* _WHAT TO WORK ON_
From the first line to the last, copy the data exactly and drop the pictures.

* _GIVEN INFORMATION_

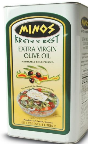
Minos Extra Virgin 4lt

Minos Extra Virgin 3 x 4lt Minos Extra Virgin 12 X 500ml
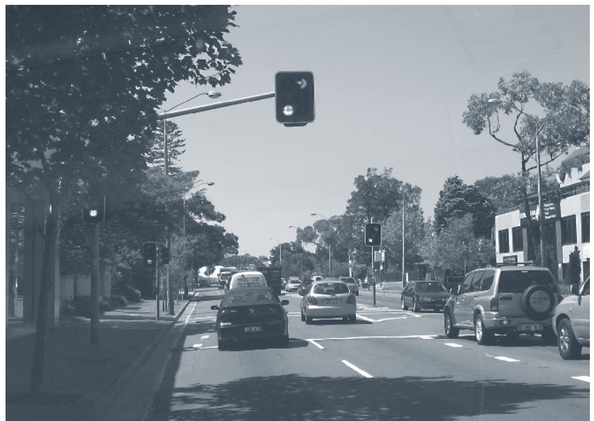
Figure 8. Protected right-turn signals in dedicated right-turn lanes in Melbourne (equivalent to left turn in the United States).

For urban intersections, the most common improvement was to add a protected right-turn (left-turn in the United

* _RESPONSE_
Minos Extra Virgin 4lt

Minos Extra Virgin 3 x 4lt Minos Extra Virgin 12 X 500ml
Figure 8. Protected right-turn signals in dedicated right-turn lanes in Melbourne (equivalent to left turn in the United States).

For urban intersections, the most common improvement was to add a protected right-turn (left-turn in the United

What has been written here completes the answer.